Benefits of decentralised finance
In DeFi vs. traditional finance, Decentralised finance (DeFi) offers several benefits over traditional finance. Here are a few of the most significant advantages of DeFi:
- Accessibility: DeFi provides access to financial services to anyone with an internet connection, regardless of location or financial status. This allows people who are underserved by traditional finance to access financial services.
- Transparency: Decentralised finance operates on a transparent blockchain, which means that all transactions are visible to anyone with access to the network. This provides greater transparency and reduces the risk of fraud and corruption.
- Security: DeFi is designed to be highly secure, with transactions made safe by smart contracts and cryptographic protocols. This makes DeFi less vulnerable to hacking and other types of cyberattacks.
- Lower fees: DeFi transactions are typically cheaper than traditional finance transactions since no intermediaries are involved. This makes Decentralised finance more affordable for everyone, especially those financially marginalised.

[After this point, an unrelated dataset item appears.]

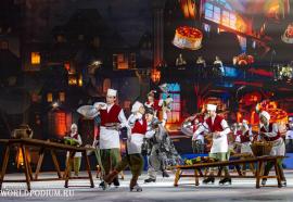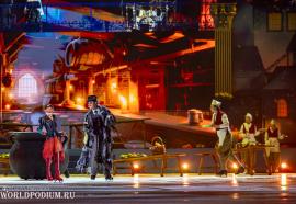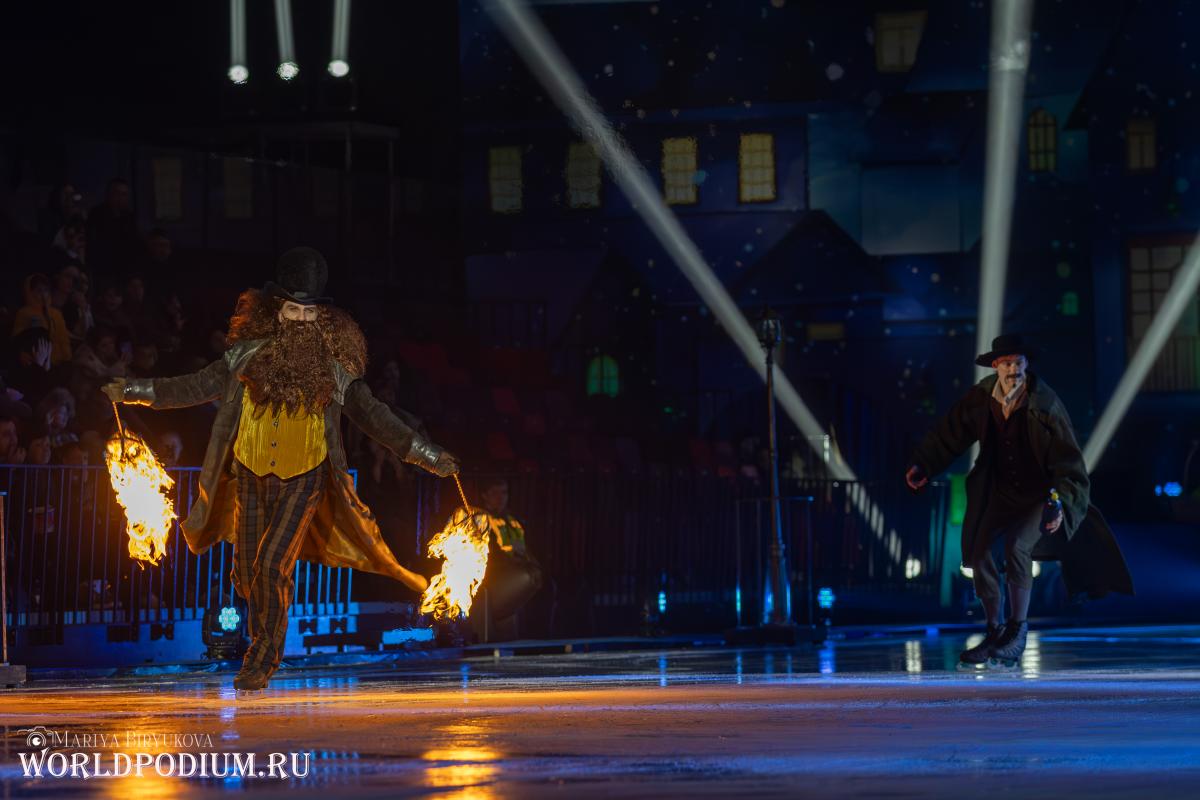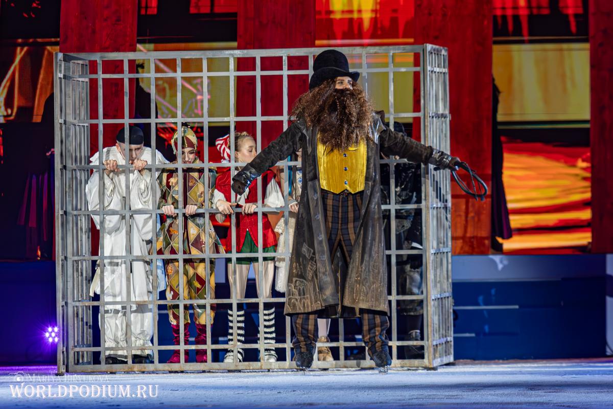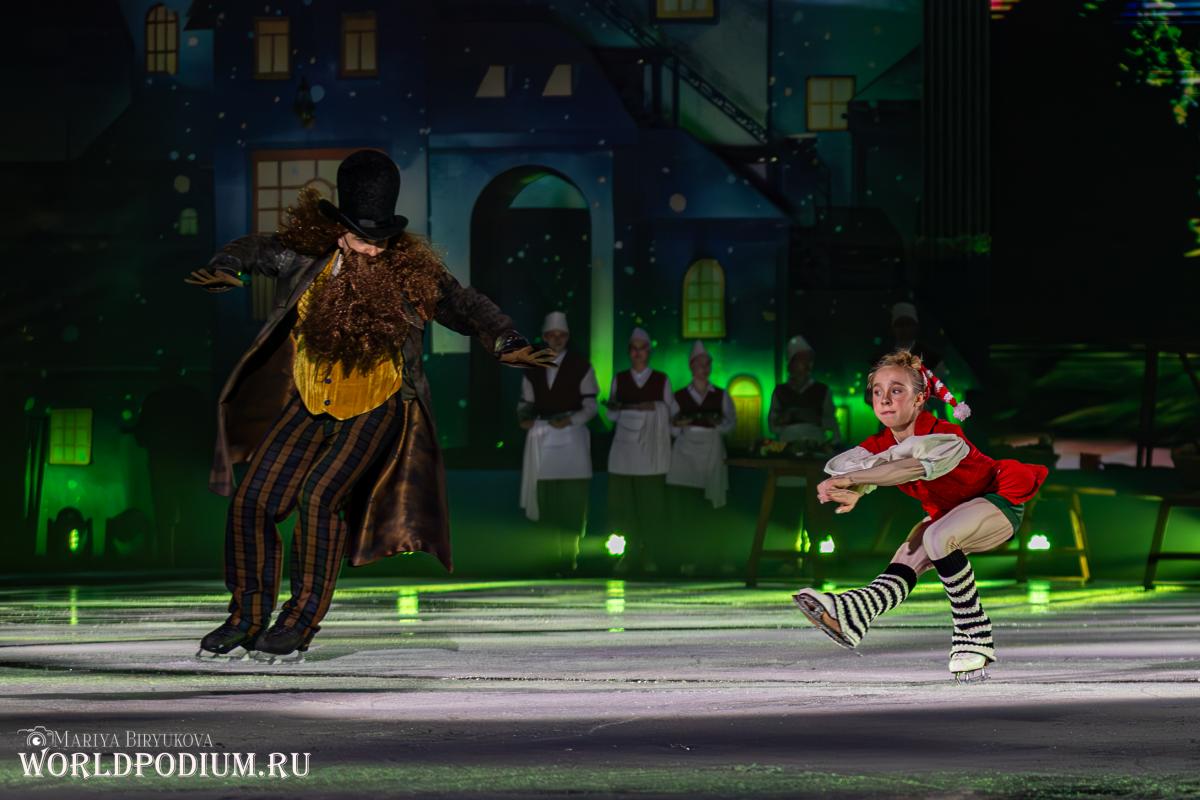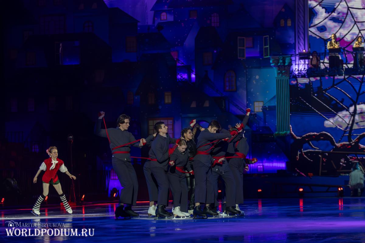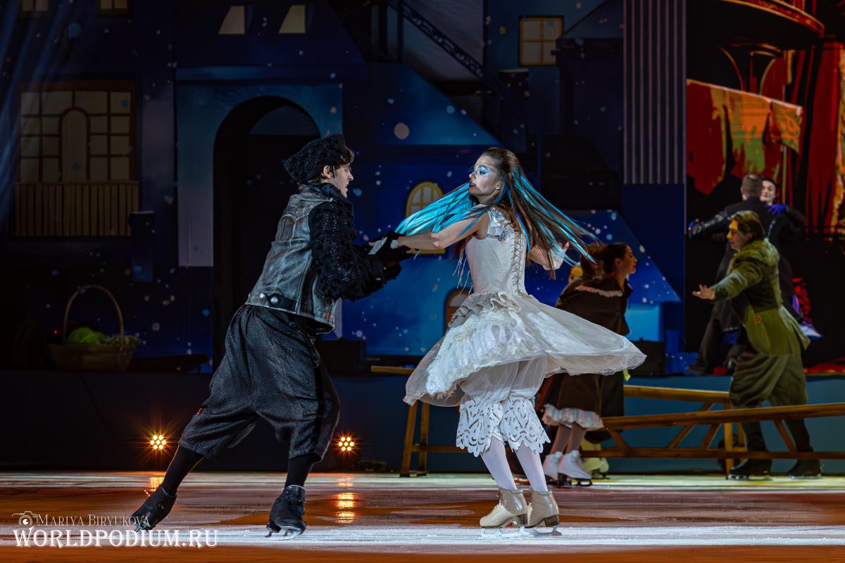 Вокалисты и музыканты возвышаются над сценой, где также, как и на льду, разворачивается увлекательное действие. Массовые сцены на городской площади, в театре, трактире «Три пескаря» и во всех других локациях создаёт виртуозный ледовый балет под руководством Анастасии Игнатьевой, которая предстаёт в образе Паучихи.

- Decentralisation: DeFi operates on a decentralised network, meaning no central authority controls the system. This makes decentralised finance more resilient to censorship, manipulation, and corruption.
- Innovation: Decentralised finance is a rapidly evolving field constantly innovating and creating new financial products and services. This creates new opportunities for entrepreneurs and investors, encouraging greater experimentation and innovation in the financial industry.
Decentralised finance or DeFi vs. traditional finance: difference
Decentralised finance and traditional finance differ in several ways. Here are some of the most significant factors in DeFi vs. traditional finance:
- Intermediaries: Traditional finance relies on intermediaries like banks and financial institutions to facilitate transactions between parties, whereas DeFi operates without intermediaries. DeFi uses smart contracts to automate financial transactions, which reduces the need for intermediaries and makes transactions more efficient.
- Centralisation: Traditional finance is centralised, with a central authority controlling the financial system. Decentralised finance, on the other hand, is decentralised, with no central authority holding the system. This makes DeFi more resistant to censorship, manipulation, and corruption.
- Accessibility: Traditional finance is often limited to people who meet specific criteria, such as having a high credit score or meeting income requirements. DeFi, however, is designed to be accessible to everyone with an internet connection.
- Transparency: Decentralised finance transactions are transparent, with all records visible to participants on the blockchain. This creates greater transparency and reduces the risk of fraud and corruption. On the other hand, traditional finance transactions are often opaque, with little transparency into the inner workings of the financial system.
- Fees: Traditional finance transactions often involve high fees and commissions charged by intermediaries, while DeFi transactions are typically much cheaper since no intermediaries are involved.
- Innovation: DeFi is a rapidly evolving field constantly innovating and creating new financial products and services. Traditional finance, on the other hand, is often slow to innovate and adopt new technologies.
Decentralised finance offers a more accessible, transparent, and innovative financial system than traditional finance, with lower fees and greater security. Here’s a quick look at the key differences between DeFi vs. traditional finance:
Conclusion
In conclusion, decentralised finance significantly shifts how we think about and approach financial services. We do hope this post has cleared up the distinctions of DeFi vs. traditional finance for you!